The Resurrecting King took on the expression of a man working out a very difficult and emotionally taxing anagram. He said, “Ortus,” again, but the bile was sputtering up into your throat, your mouth, before the Body passed her hand over your eyebrows and the bridge of your nose and you slipped from his imperial grip. You fell almost senseless to the floor.
“Ortus Nigenad,” said the Emperor again, almost wondering; but then you knew nothing more, except that you hadn’t thrown up on God, which had to count as consolation.
3
THE REVEREND DAUGHTER Harrowhark Nonagesimus ought to have been the 311th Reverend Mother of her line. She was the eighty-seventh Nona of her House; she was the first Harrowhark. She was named for her father, who was named for his mother, who was named for some unsmiling extramural penitent sworn into the silent marriage bed of the Locked Tomb. This had been common. Drearburh had never practiced Resurrection purity. Their only aim was to keep the necromantic lineage of the tomb-keepers unbroken. Now all its remnant blood was Harrow; she was the last necromancer, and the last of her line left alive.
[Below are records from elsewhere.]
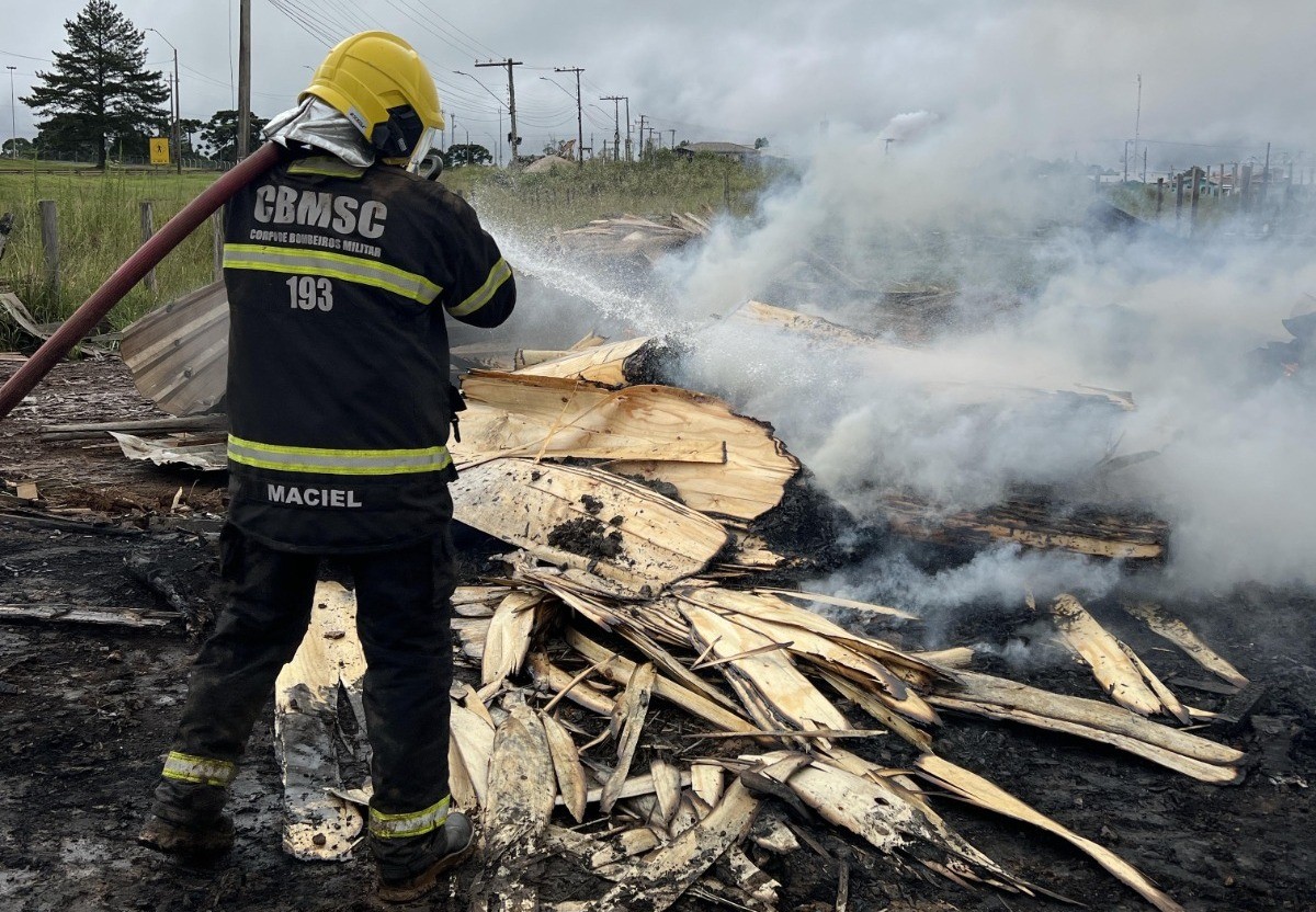 Nesta madrugada de quinta-feira (30), ocorreu um incêndio em um galpão de lâminas de madeira no município de Santa Cecília.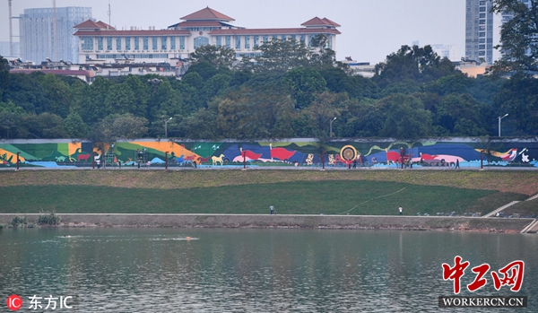 2018年11月28日,广西南宁,绘画人员正在邕江河堤岸的墙壁上涂鸦绘画。图片来源:东方IC
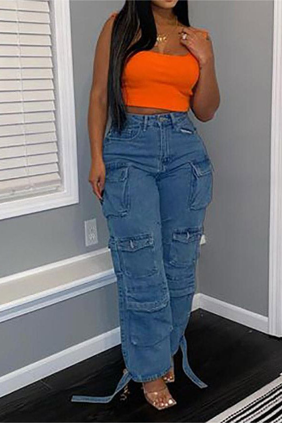 Jeansowe cargo z wysokim stanem
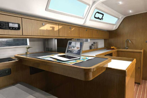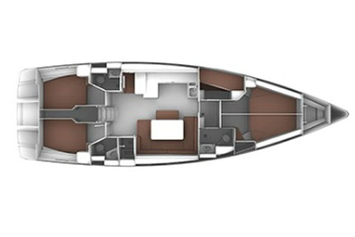 Deck equipment: Electric anchor, windlass, Cockpit table, Cockpit shower, Cockpit speakers, Steering wheel (2), Dinghy, Outboard motor, Spray-hood, Bimini top, Deck shower, Swimming ladder.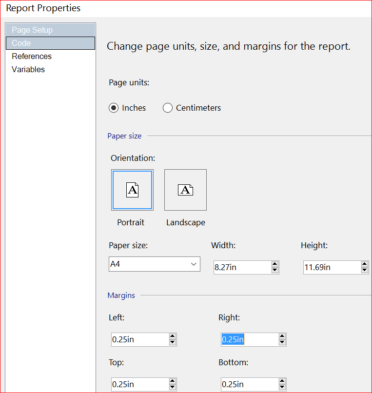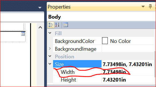 Go to Report à Report Properties à Page Setup à Note the Width and Margin Details.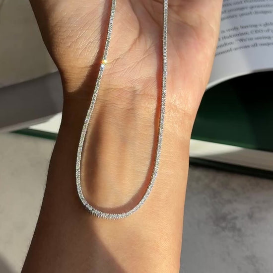 Enhance your elegant look with our Natural Diamond Tennis Necklace. Made of 2.80 carats of sparkling Natural diamonds Available in 14k & 18k  White or Yellow Gold , this timeless piece will elevate any outfit. Perfect for special occasions or everyday wear, this tennis necklace exudes sophistication and luxury.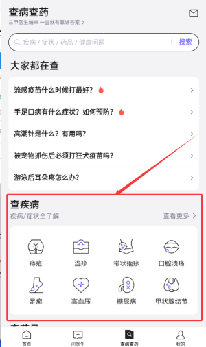 查病查药:进入查病查药板块,详细了解病症的相关信息及药品的使用指南。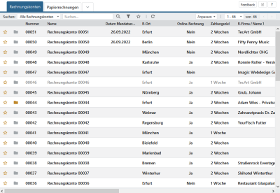 Die Rechnungskonten stellen den Dreh- und Angelpunkt für das Rechnungsmodul dar. Im Rechnungskonto werden u.a. Einträge für Rechnungsadressen und Lieferadressen, Einstellungen von Fristen und Zahlungsarten, sowie eine Übersicht für alle Vorgänge gepflegt. Diese Einträge können in Angeboten, Aufträgen, Verträgen und den Vorgangsarten im Rechnungsmodul verwendet werden. Jeder Kontakt kann dabei mehrere Rechnungskonten mit unterschiedlichen Rechnungsadressen und Lieferadressen, sowie verschiedene Zahlungsbedingungen besitzen.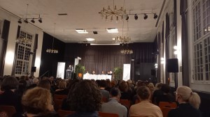 La session de l’après-midi a été tout aussi enrichissante et intéressante que le reste. Les interprètes ont encore une fois eu le droit à un tonnerre d’applaudissements, bien mérité. D’ailleurs, plusieurs intervenants du monde du livre non-traducteurs ont noté que c’était la première fois qu’ils se retrouvaient face à tant de traducteurs (littéraires) à la fois et tenaient à nous remercier, car, sans nous, il y a tant de merveilleux livres qu’ils ne pourraient pas lire. Le chef du salon du livre de Francfort a même dit que sans nous, il n’aurait pas de travail. Enfin bref…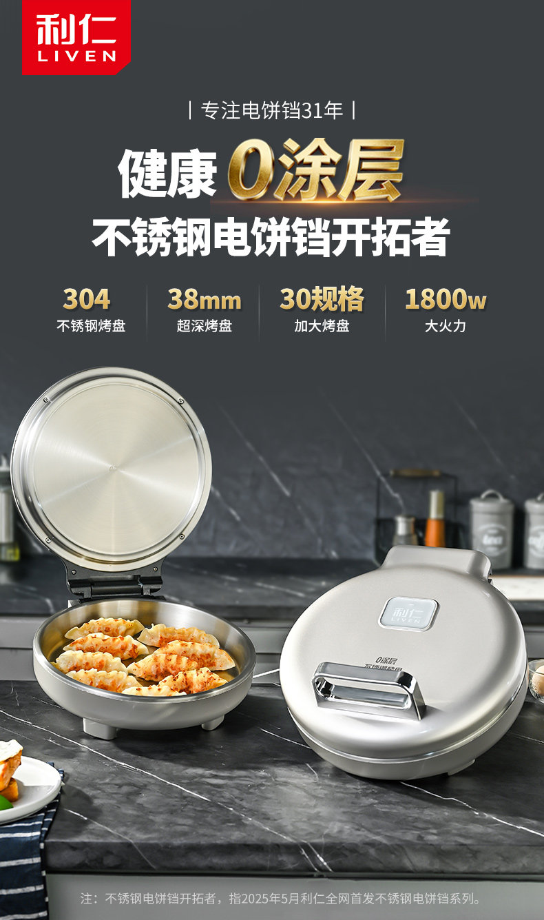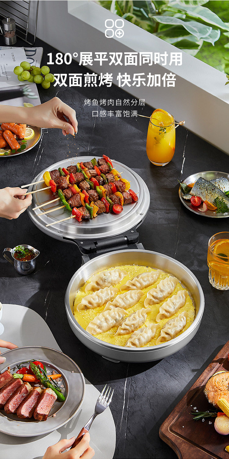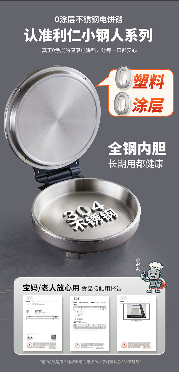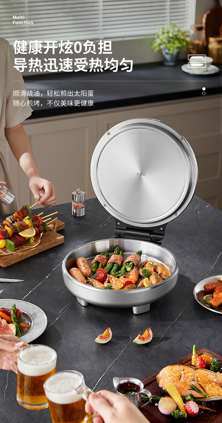 Liren Xiaogangren Stainless Steel Electric Griddle for Home Use, 0-Coating, Double-Sided Heating, Multifunctional Electric Frying Pan, New Model for Making Pancakes

Her birth had been expensive. Eighteen years ago, in order to wrench a final bud from this terminal axil, her mother and father had slaughtered all the children of their House in order to secure a necromantic heir. Harrow had been created in that hour of pallor mortis, while the souls of her peers were fumbling to escape their bodies, her genesis their ignition of thanergy as they died with a simultaneity her parents had agonised to calculate. None of this had been kept from her. It had been explained to Harrow, year after year, right from the time she knew both when to speak and when to not. This skill came early to Ninth House infants.
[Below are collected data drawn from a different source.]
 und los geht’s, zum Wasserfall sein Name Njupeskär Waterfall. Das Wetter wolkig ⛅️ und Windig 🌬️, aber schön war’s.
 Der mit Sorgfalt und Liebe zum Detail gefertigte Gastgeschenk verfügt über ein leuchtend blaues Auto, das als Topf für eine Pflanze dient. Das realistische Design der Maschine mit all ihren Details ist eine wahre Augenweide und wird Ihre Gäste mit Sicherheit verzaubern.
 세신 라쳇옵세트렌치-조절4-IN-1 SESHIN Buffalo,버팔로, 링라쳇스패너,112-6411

As a child, she was allowed to pull down the coverlet and get into bed only after she had worked her way through forty-five minutes of evening prayers, bracketed by her wretched great-aunts Lachrimorta and Aisamorta. They had been strict with her infant catechism, and their presence was a strong motivation for Harrow to get her prayers exactly right and not start over, as they smelled like incense and tooth decay. She had enunciated clearly—no lisping—devotions of their own devising: The Tomb I will serve till the end of my days, and then see me buried in two hundred graves … which they’d thought sweetly whimsical, just right for a little girl.